I've been told i have PTSD from the Trama I encountered but i have managed to get thru tough situations with the help of others. I can be a bit self centered.
I protect my territory at all times. So its safe to say i have some care for myself lol! I can definitely see potential in me. I can become whomever i like. I choose to turn pain into passion.
Each difficulty is an opportunity to learn. I used to think it was embarrassing to look weak. I come to see that is apart of being a human being.
We choose to set the expectation. We set tone and the trend.
I do mean literally drill sergeant until it's understood. Integrity is a value.
One that should be carried in one's life. I have integrity but i also have anger! Also the need to constantly contradict and organize everything it drives me nuts.
I diagnosed myself with OCD. I medically have anxiety. Which can be a headache exactly.
Life has its changes and turn but perseverance is the key to success of anything. Things has a way of working out even when we cannot make thought of it.

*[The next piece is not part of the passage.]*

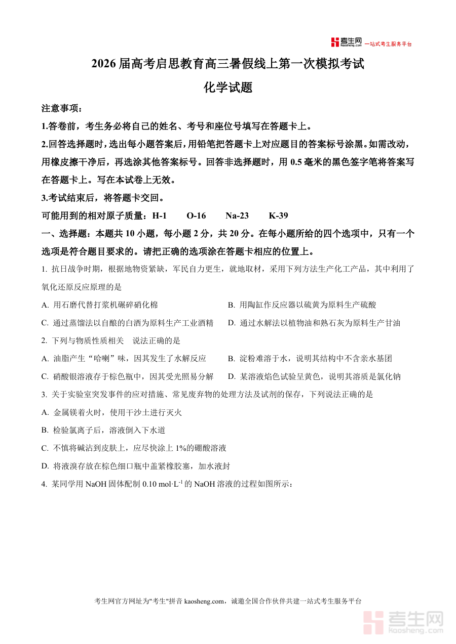 《精品解析:山东省启思大联考2025-2026学年高三上学期开学联考化学试题(原卷版)》是一份针对山东省启思大联考体系下2025-2026学年高三上学期开学阶段设置的确化学学科考试资料。该资料对应高三年级开学初期的联考检测环节,属于高考备考周期内阶段性原卷类资源,其设计与山东省启思大联考开学检测安排相匹配,符合高三开学阶段化学学科基础检测的需求定位。

God is our keeper. He's our resting place. Our mentor, healer, friend, caregiver, lawyer, etc.
A relationship with our father is beneficial. You can't escape it. We try and fix thing on our own but the battle is the Lords'. My husband taught me to think of a happy place. I thought it was silly at first me being all tuff.
I would gradually start to expand my thoughts and drift to deep concentration on what heaven is like. I see my grandma and she is brushing my hair as i lay on her shoulder.
This can actually help with meditation and removal of negative thoughts.
No one is perfect but practice make perfect. I am learning im a product of purpose. Purpose skips process. It can also set trends. If its meant to be it'll be.
I choose to be unvictimized. I am not a victim. Im a Prize. A true Priceless Trendsetter!